Interview mit Vandana Shiva über Kontaminierung, Monopole und Idiotie bei der Verwendung von Saatgut

ILA vom 13.08.2013
von Gerold Schmidt, ILA Nr. 367, S. 54-55

  Die ausgebildete Physikerin Dr. Vandana Shiva ist Feministin, alternative Nobelpreisträgerin (1993), Globalisierungskritikerin und als Umweltaktivistin in Indien und weltweit mit ihrer 1991 gegründeten Organisation Navdanya für die Vielfalt und Bewahrung traditionellen Saatgutes gegen die internationalen Biotechkonzerne engagiert. Ende April befand sie sich auf Einladung des Studienzentrums für den Wandel im mexikanischen Landbau (Ceccam) in Mexiko. Shiva nahm im Bundesstaat Oaxaca als Ehrengast und Zeugin an der nationalen Voranhörung des Permanenten Völkertribunals (TPP), Kapitel Mexiko, über die Kontaminierung des einheimischen Mais durch Genmais teil (zum Thema vgl. auch ila 362, Feb. 2013). Außerdem standen Presskonferenzen in Oaxaca und Mexiko-Stadt sowie öffentliche Vorträge auf ihrem Programm. Unter anderem sprach sie im völlig überfüllten Hörsaal der Physik-Fakultät der Nationalen Autonomen Universität Mexikos vor gut 1000 meist studentischen ZuhörerInnen*. Im Interview mit Gerold Schmidt äußerte sie sich zu Mexiko, dem Machtstreben von Konzernen wie Monsanto und der Saatgutsouveränität.

Vandana, wir führen das Interview in Mexiko. Warum haben Sie die weite Reise von Indien nach Mexiko unternommen?

Ich wollte meine Solidarität mit der Bewegung gegen den Genmais zeigen. Es existieren viele Gründe warum es keinen Platz für Genmais in Mexiko gibt. Diese Region hat der Welt die Maisvielfalt geschenkt. In jedem der Saatkörner stecken Millionen Jahre Evolution. Und tausende Jahre kleinbäuerlicher Züchtung. Das ist Intelligenz. In den 1980-er Jahren merkten Konzerne wie Monsanto, dass sie Lizenzgebühren für jede Saatgutpflanze einnehmen konnten, indem sie intellektuelle Eigentumsrechte für sich beanspruchten und die Intelligenz der Natur und der Bauern leugneten. Darum müssen sie die Saatgutvielfalt, die Saatgutsouveränität und die Nahrungsmittelsouveränität zerstören.
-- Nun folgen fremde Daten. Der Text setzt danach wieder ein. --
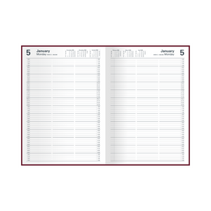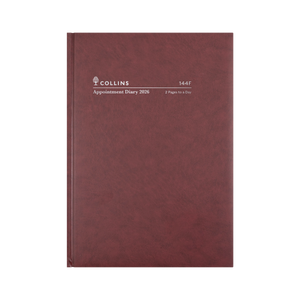The Collins Appointment diary is bound in deep burgundy, with sections sewn for extra strength, the page layouts include week counts, Julian day counts and national and international holidays, as well as times printed clearly down each page.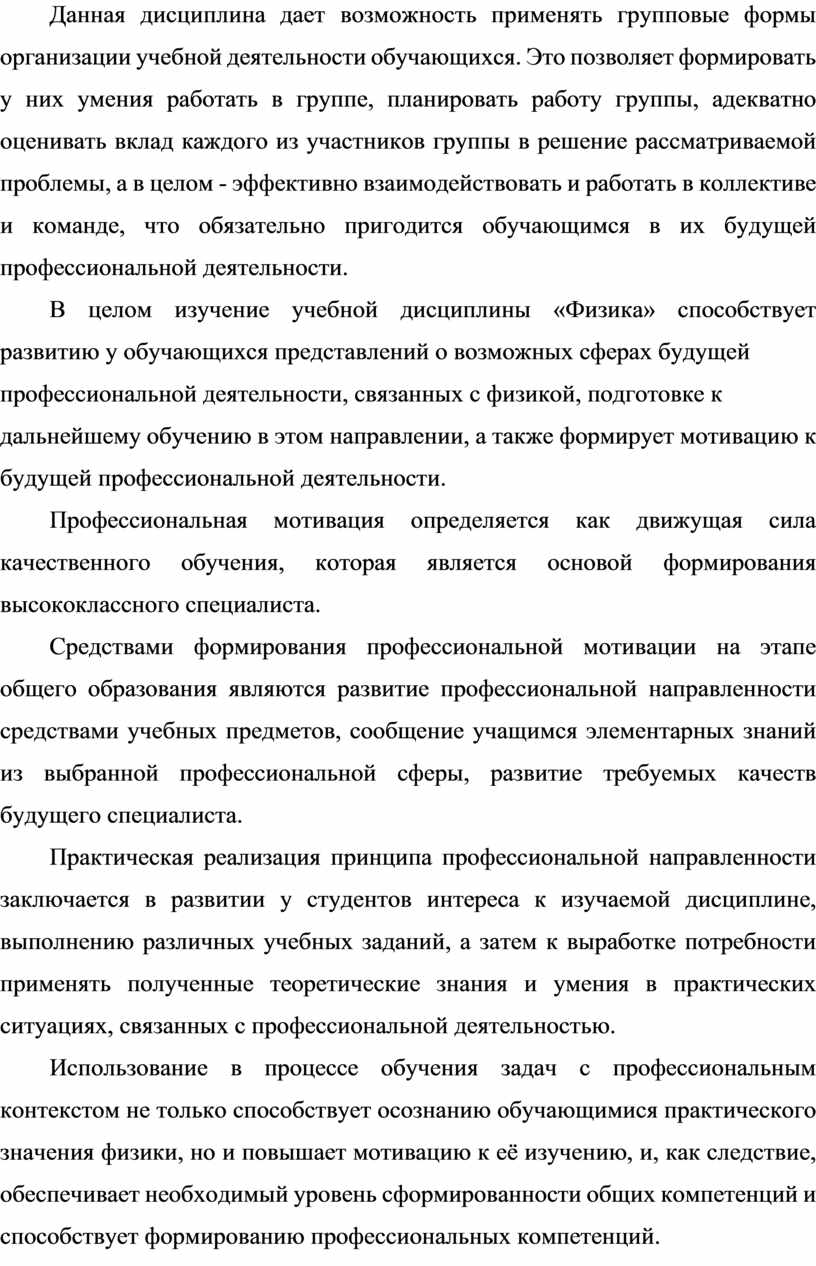 В целом изучение учебной дисциплины «Физика» способствует развитию у обучающихся представлений о возможных сферах будущей

Warum sollten ihnen Bauern Nutzungsgebühren zahlen, die über eigenes Saatgut verfügen? Mexiko ist die Wiege der Maisvielfalt. Mit der Vielfalt geht die Freiheit der Bauern einher, über ihr eigenes Saatgut zu verfügen. In Mexiko wird viel von der Gewalt gegen den Mais gesprochen, denn für alle indigenen Kulturen ist Saatgut nicht einfach eine Sache. Es bedeutet Kultur, Leben. Es handelt sich auch um einen Krieg gegen die Freiheit. Wir brauchen Saatgut-Souveränität, wir brauchen Saatgut-Vielfalt. Beim Saatgut beginnt die Freiheit.
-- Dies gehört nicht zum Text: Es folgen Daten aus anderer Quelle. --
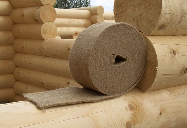 Наиболее часто для утепления используется джутовый войлок в рулонах. Лента войлока разворачивается на поверхности бревна и крепится степлером.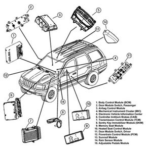 | 12. Powertrain Control Module | PCM (JTEC) | On the cowl panel, right rear side of the engine compartment. | The PCM is a pre-programmed, triple microprocessor digital computer. It regulates ignition timing, air-fuel ratio, emission control devices, charging system, certain transmission features, speed control, air conditioning compressor clutch engagement and idle speed. The PCM can adapt its programming to meet changing operating conditions. |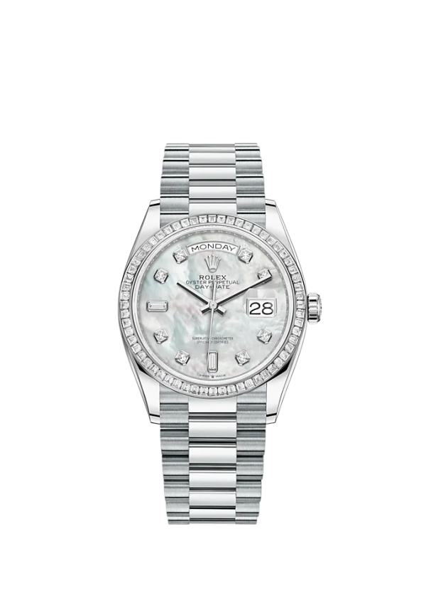 Unworn classic Rolex Day-Date, 36mm, Platinum and Diamonds, Ref# 128396tbr-0005 – luxury, elegance and practicality.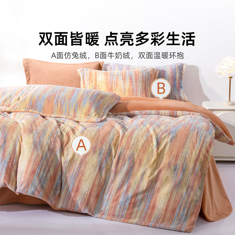 梦洁248X248绒四件套牛奶绒加厚床单被套秋冬仿兔绒珊瑚绒 晴汐

Es sind viele Wege, auf denen gentechnisch veränderte Organismen (GVO) und die Konzerne, die sie forcieren, unser Saatgut, unsere Landwirtschaft, unsere Politik, unsere Ökonomie kontaminieren. Die genetische Verunreinigung steht klar an erster Stelle, aber sie geht auch Hand in Hand mit der Kontaminierung der Wissenschaft. Bei der Voranhörung des Permanenten Völkertribunals war Ignacio Chapela anwesend, der als erster die Kontaminierung einheimischer Sorten durch Genmais in Mexiko nachwies. Doch nicht nur seine Arbeit über die Verunreinigung war erhellend. Die Behandlung, die er durch Monsantos Leute erfuhr, zeigte, dass in deren Welt kein Platz für unabhängiges Wissen ist, sondern nur für kontaminiertes Wissen.
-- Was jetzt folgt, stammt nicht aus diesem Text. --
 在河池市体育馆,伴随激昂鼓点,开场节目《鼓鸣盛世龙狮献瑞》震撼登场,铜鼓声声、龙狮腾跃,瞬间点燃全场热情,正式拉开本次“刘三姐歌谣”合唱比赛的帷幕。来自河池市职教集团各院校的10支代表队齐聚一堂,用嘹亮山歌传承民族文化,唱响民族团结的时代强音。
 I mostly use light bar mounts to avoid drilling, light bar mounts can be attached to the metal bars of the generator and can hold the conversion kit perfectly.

Den Konzernen geht es um Gewinne. Aber Sie haben hier in Mexiko noch andere Aspekte erwähnt.

Profitgier ist der Antrieb, aber daraus ist ein Krieg gegen die Natur und die Kultur geworden. Es geht nicht nur um Lizenzgebühren, sondern um ein tief greifendes Kontrollbedürfnis. Aus meiner Sicht liegt dies in einer profunden Angst begründet, einer Angst vor allem, was frei und lebendig ist. Darum ergreifen sie diese Freiheit und zerstören das Leben. Es ist diese Art von Angst, die auch zur Gewalt gegen Frauen führt. Warum bringen Männer Frauen um oder vergewaltigen sie? Aus Angst vor der Freiheit, der Ausgeglichenheit und der Integrität der Frau als unabhängige Person mit ihren eigenen Rechten. Sie hat Eigentum zu sein, muss unterworfen werden, muss wie eine Sache behandelt werden. Diese Art Denken steckt hinter dem, was Monsanto tut. Ich nenne sie Weltvergewaltiger unserer Kulturen und unserer Ökosysteme. Ich benutze diese Worte nicht leichtfertig. Ich nehme dies sehr ernst als eine enorme Gewalttätigkeit, denn jede Gewaltanwendung gegen unsere Erde oder gegen unsere Pflanzen in den Vielfaltszentren oder gegen die Freiheit der Menschen ist eine Vergewaltigung, denn sie richtet sich gegen ihre Unversehrtheit und zerstören sie. Die Perversion von Monsanto bei dieser kulturellen und ökologischen Vergewaltigung wird in der versuchten Einführung von Genmais in Mexiko deutlich.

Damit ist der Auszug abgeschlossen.